After the plunge in hog prices in December 2016, the market made an unusual recovery to profitability and continues to trace an upward path which is faster than the five-year trend for this time of the year (which is generally up into the summer seasonal peak). A recent pause and pullback from new summer high price expectations has just been put in. What caused this unusual turn around in prices? It almost assuredly came from increased export activity.
This is leading to a big fear, now being openly expressed by pork industry officials in the US, that President Trump’s public face to Mexico and China may result in lower export sales for the coming year. Could it be that the early year turnaround in prices was due to stockpiling by countries concerned about the new U.S. president’s trade policies, especially Mexico? Trump has been critical of China primarily for restricting the full range of market based currency valuations. They are accused of only allowing it to adjust within a small range causing nearly constant incentives to import products from China but not to export there.
Mexico, the largest single buyer of US pork in the world community is in something of a turmoil regarding how to deal with the US President. Most U.S. packing plants and a large percentage of US Pork production at the farm level is carried out with Mexican and Central American labor. A wave of panic, should it get started, regarding immigration enforcement could cause significant disruption to the US pork chain. The Mexican peso was eroding in value against the US dollar throughout 2016, moving from the mid 16’s to the dollar to 21.3 to the dollar. On the day after the election it experienced a precipitous drop in value but over the weeks since the inauguration, the slide of the peso has stopped and it is retracing some of those losses closing recently at 19.6 to the dollar.
Part of the answer to why this upward trend in US prices continues despite record production can be gained from noting the substantial basis (difference) opening up between the classic premier primal cuts (loin and ham) and the bacon (or belly primal) plus the lean trim. Both the belly and the lean trim are up by double digits compared to last year while the loin and the ham primal remain stagnant.
Belly prices exceed the loin primal now in the wholesale market by twice and hams by three times.
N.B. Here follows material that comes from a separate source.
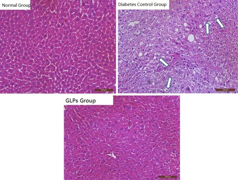 It can be seen from Figure 2, during the experiment, the structure and morphology of liver tissue of diabetic mice protected by Ganoderma lucidum polysaccharides F31 (50 mg/kg) were similar to that of normal mice, and there was less inflammation. In contrast, the liver tissues of diabetic mice that did not receive any treatment were significantly damaged, and the conditions of inflammation and necrosis were also more serious.

In addition, the supply of bellies in frozen storage reached an historic low this week causing tantalizing but unlikely headlines that the US will run out of bacon and/or have a national shortage. Prices at retail have nearly doubled in some cases for sliced bacon in one pound (0.45kg) packages in the last few weeks so you can count of the price mechanism to allocate supply and prevent an “outage”. Bacon has become so common as an add-on in the hotel, restaurant and institutional food markets that it now has a very strong, steady annual demand compared to a strong seasonal pattern years ago, which followed the old pattern of peak consumption in the summer months. Lots of changes, some behind the scenes and some anticipated are keeping the US pork industry in a bit of turmoil.